What to work on |
For the data below, restate word for word only the lines from the line containing "Página inicial do" through the line containing "Before jumping into", both ends included.

Material for this exercise |

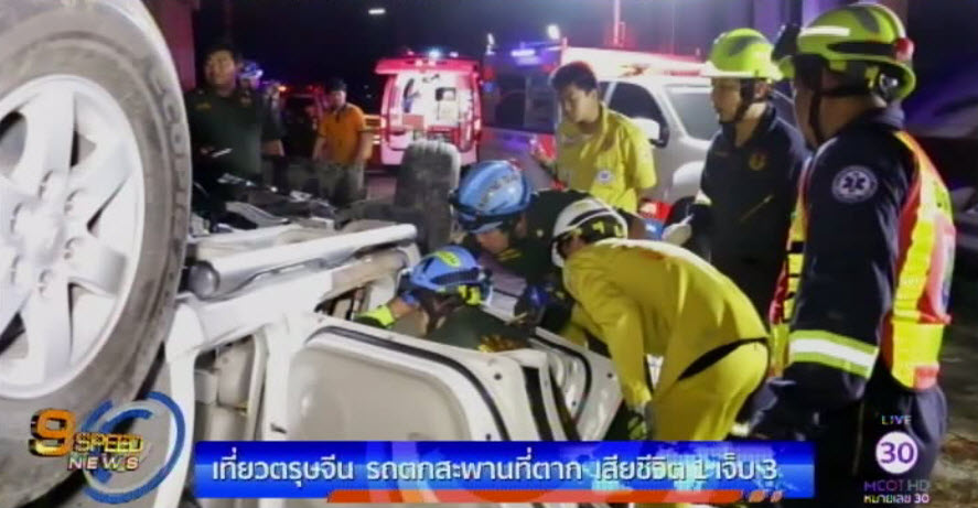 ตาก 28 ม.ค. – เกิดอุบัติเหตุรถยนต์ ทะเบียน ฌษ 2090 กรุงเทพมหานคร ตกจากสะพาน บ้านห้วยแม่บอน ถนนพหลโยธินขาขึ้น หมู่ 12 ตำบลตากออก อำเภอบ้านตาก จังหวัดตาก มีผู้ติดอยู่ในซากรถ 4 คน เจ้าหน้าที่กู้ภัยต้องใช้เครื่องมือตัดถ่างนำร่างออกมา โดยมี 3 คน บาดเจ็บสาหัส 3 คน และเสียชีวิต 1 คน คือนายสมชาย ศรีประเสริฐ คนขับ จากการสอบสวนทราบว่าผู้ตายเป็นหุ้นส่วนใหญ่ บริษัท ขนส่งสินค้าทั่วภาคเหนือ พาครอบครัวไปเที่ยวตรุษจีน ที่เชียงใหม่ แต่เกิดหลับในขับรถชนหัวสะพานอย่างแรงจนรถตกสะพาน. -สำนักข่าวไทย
--
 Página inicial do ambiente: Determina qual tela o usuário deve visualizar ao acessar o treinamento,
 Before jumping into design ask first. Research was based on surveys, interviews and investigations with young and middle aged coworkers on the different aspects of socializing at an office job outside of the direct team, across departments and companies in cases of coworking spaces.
---
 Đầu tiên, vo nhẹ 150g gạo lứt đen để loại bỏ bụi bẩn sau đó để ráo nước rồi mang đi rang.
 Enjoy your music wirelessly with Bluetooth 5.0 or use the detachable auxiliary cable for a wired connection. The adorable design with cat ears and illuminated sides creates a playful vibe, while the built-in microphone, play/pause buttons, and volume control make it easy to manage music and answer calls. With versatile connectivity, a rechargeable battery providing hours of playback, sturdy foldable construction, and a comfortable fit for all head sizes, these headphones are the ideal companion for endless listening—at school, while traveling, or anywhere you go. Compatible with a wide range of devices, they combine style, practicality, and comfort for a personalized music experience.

Your solution |
 Página inicial do ambiente: Determina qual tela o usuário deve visualizar ao acessar o treinamento,
 Before jumping into design ask first. Research was based on surveys, interviews and investigations with young and middle aged coworkers on the different aspects of socializing at an office job outside of the direct team, across departments and companies in cases of coworking spaces.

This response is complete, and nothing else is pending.